Abstract: This special session includes three talks on: 1) approach to alleviate the communication bottleneck in distributed machine learning (ML) and speed up training; 2) performance modeling and optimization for CNN Acceleration on FPGA; and 3) speed up DNN inference under resource constraint.
Abstract: Recently, Electrical Energy Storage (EES) systems in the form of high-power battery packs are gaining more importance due to the rapid proliferation of Electric and Hybrid Electric Vehicles (EVs and HEVs) and the widespread adoption of renewable energy sources. Improving the usable energy output and the lifetime of these battery packs are some of the important challenges that are currently attracting a lot of attention. This special session includes three different talks addressing three different abstraction layers or scales at which real-time energy management and engineering is necessary. These are at the (i) battery layer, (ii) the electric vehicle (EV/HEV) layer, and (iii) the charging station layer.
Urban Mobility with Smart Infrastructure
Abstract: Next-generation urban transportation systems will incorporate autonomous vehicles with intelligent infrastructure, including intelligent intersection and smart lamppost systems. The vehicles commutate with intelligent infrastructures, e.g., smart lampposts, and other surrounding vehicles via vehicular ad-hoc networks (VANETs) to improve vehicle safety and transportation efficiency. In this session, the three talks will introduce the challenges and state-of-the-art solutions for both autonomous vehicles and intelligent infrastructures, as well as the interactions between them.

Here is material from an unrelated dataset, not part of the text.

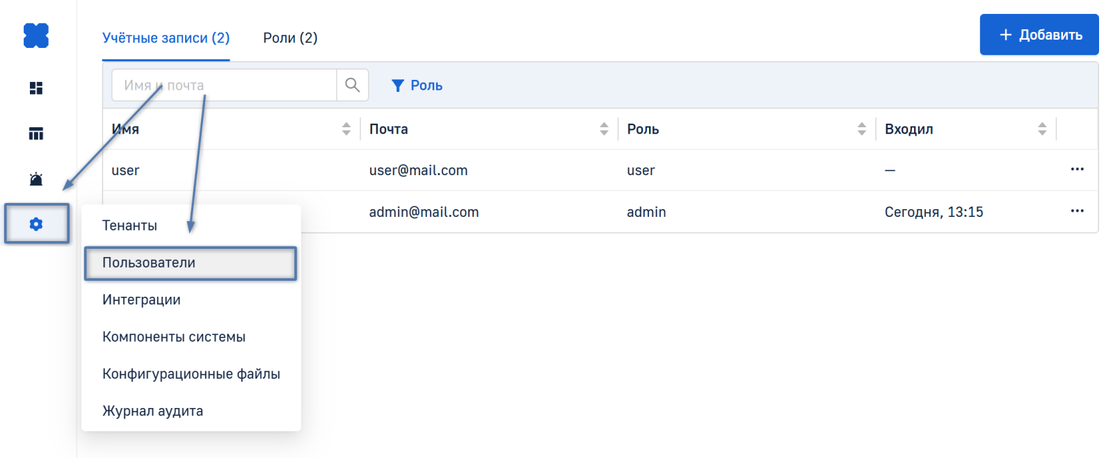 Для управления учетными записями пользователей необходимо перейти на страницу Настройки → Пользователи.
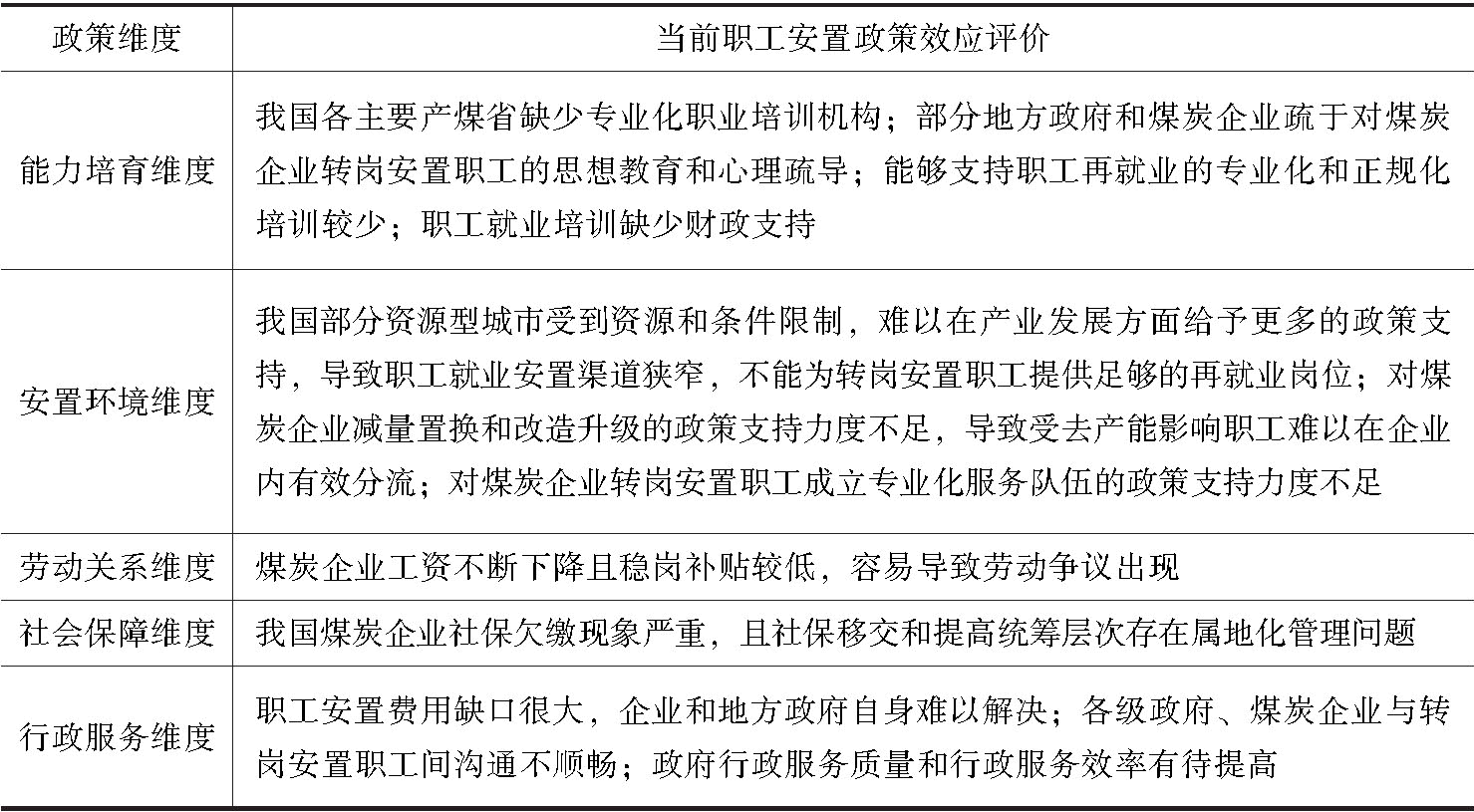 通過(guò)對(duì)我國(guó)煤炭行業(yè)就業(yè)與職工安置政策的效應(yīng)分析,發(fā)現(xiàn)當(dāng)前煤炭行業(yè)就業(yè)與職工安置政策落實(shí)存在的主要不足如表8-4所示。

Abstract: Conventional real-time embedded systems have over the past two decades vividly evolved into an open, interconnected form, now known as cyber-physical systems (CPS), that integrates capabilities of computing, communication and control. The underlying safety-critical feature, however, impels the community to tackle the grand challenge concerning analysis, verification and design of reliable CPS. Hybrid systems that seamlessly integrate continuous dynamics with discrete behaviors have been extensively used as mathematical models for CPS, wherein prominent formal techniques, e.g., reachability-based model checking, deduction-based theorem proving and correct-by-construction synthesis, have been developed for ensuring correctness of hybrid systems. In this tutorial, we will start with a lightweight introduction to CPS and hybrid systems in a safety-critical context and then present our efforts over the recent years in testing, verification and design of CPS, particularly addressing inherent features thereof like large-scale, nondeterminism and delayed coupling.